### Exercise details
Reproduce the records below in full and without edits, omitting images.

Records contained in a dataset
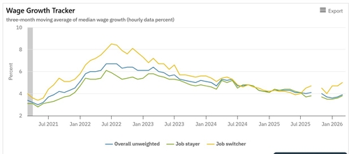 애틀랜타 연은의 임금 추적기에 따르면 2022년 7월 이직자의 임금 증가율은 8.5% 수준까지 치솟기도 했다. 지난 3월 이직자의 임금 증가율이 5.0%로 점차 오르는 양상이지만 과거와는 차이가 크다.
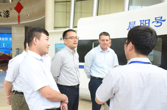 亨斯邁亞太區商務總監Shane Woodward對晨陽水漆的現場管理、技術實力及公司對水性涂料方面的貢獻表示肯定,并不時詢問相關情況,對共建聯合實驗室的方案表示認可。期間,雙方還就工程機械水性化涂裝、大型車輛水性化涂裝、石油管道防腐水性化涂裝等進行交流討論,并達成初步合作意向。
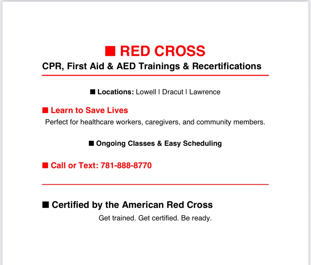 🔴 Certified by the American Red Cross – Get trained, get certified, be ready!
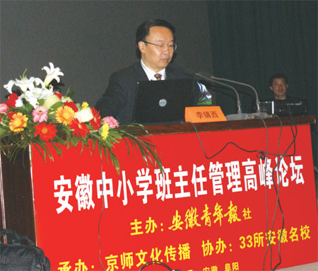 他被誉为当今的陶行知,中国的苏霍姆林斯基,目前国内各大教育论坛人气最旺的名师之一……“北有魏书生,南有李镇西”。李镇西阜阳讲学,势必在皖北乃至安徽教育系统引发强烈的轰动效应。在主持人介绍完李老师的经历和获得的各种荣誉后,李老师接管了会场,和在场的听众一同开启了做最好班主任的“和谐之旅”。
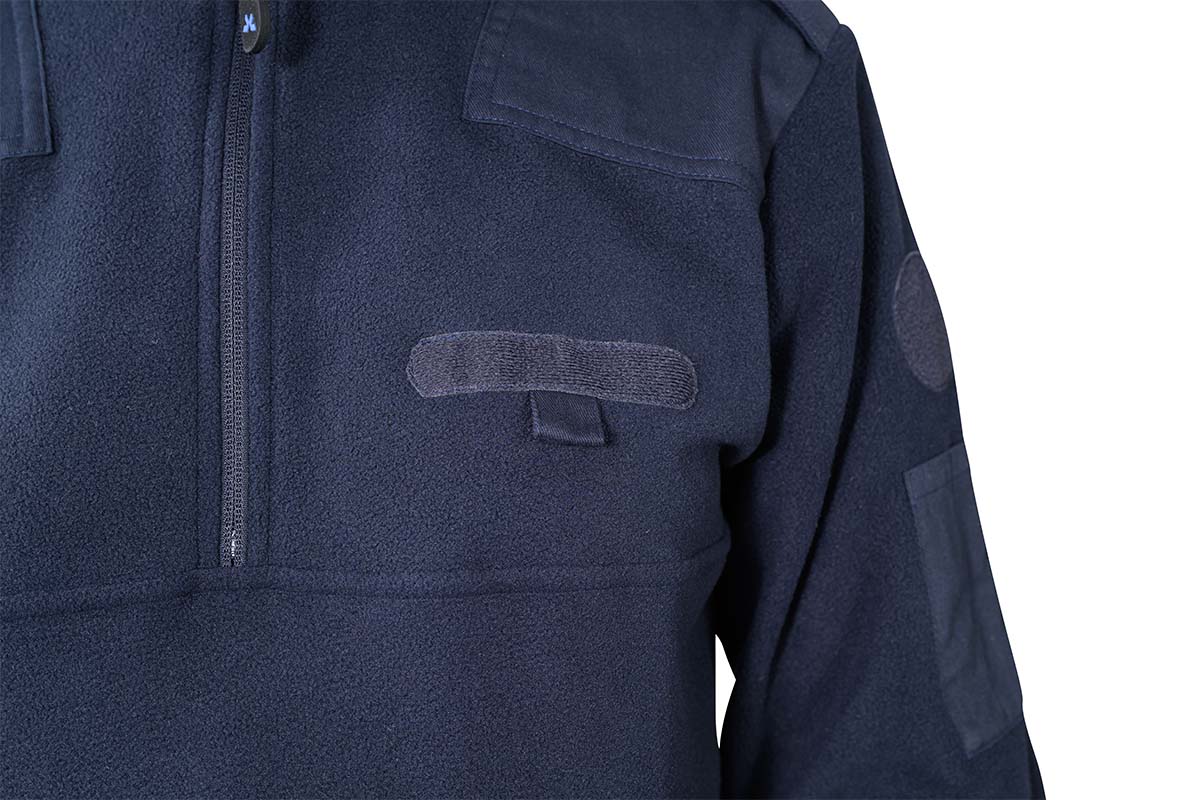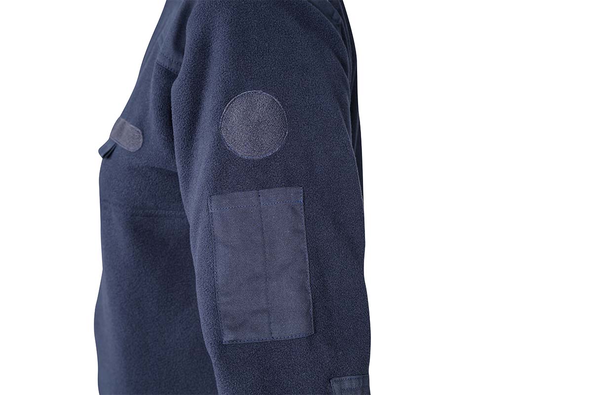 - Velcro asola in tono posto sul petto sinistro per l’applicazione della scritta, tondo sul braccio sinistro per l’applicazione del fregio regionale ed a forma di scudetto sul braccio destro per l’applicazione del fregio comunale di appartenenza

### Task solution
 애틀랜타 연은의 임금 추적기에 따르면 2022년 7월 이직자의 임금 증가율은 8.5% 수준까지 치솟기도 했다. 지난 3월 이직자의 임금 증가율이 5.0%로 점차 오르는 양상이지만 과거와는 차이가 크다.
 亨斯邁亞太區商務總監Shane Woodward對晨陽水漆的現場管理、技術實力及公司對水性涂料方面的貢獻表示肯定,并不時詢問相關情況,對共建聯合實驗室的方案表示認可。期間,雙方還就工程機械水性化涂裝、大型車輛水性化涂裝、石油管道防腐水性化涂裝等進行交流討論,并達成初步合作意向。
 🔴 Certified by the American Red Cross – Get trained, get certified, be ready!
 他被誉为当今的陶行知,中国的苏霍姆林斯基,目前国内各大教育论坛人气最旺的名师之一……“北有魏书生,南有李镇西”。李镇西阜阳讲学,势必在皖北乃至安徽教育系统引发强烈的轰动效应。在主持人介绍完李老师的经历和获得的各种荣誉后,李老师接管了会场,和在场的听众一同开启了做最好班主任的“和谐之旅”。
 - Velcro asola in tono posto sul petto sinistro per l’applicazione della scritta, tondo sul braccio sinistro per l’applicazione del fregio regionale ed a forma di scudetto sul braccio destro per l’applicazione del fregio comunale di appartenenza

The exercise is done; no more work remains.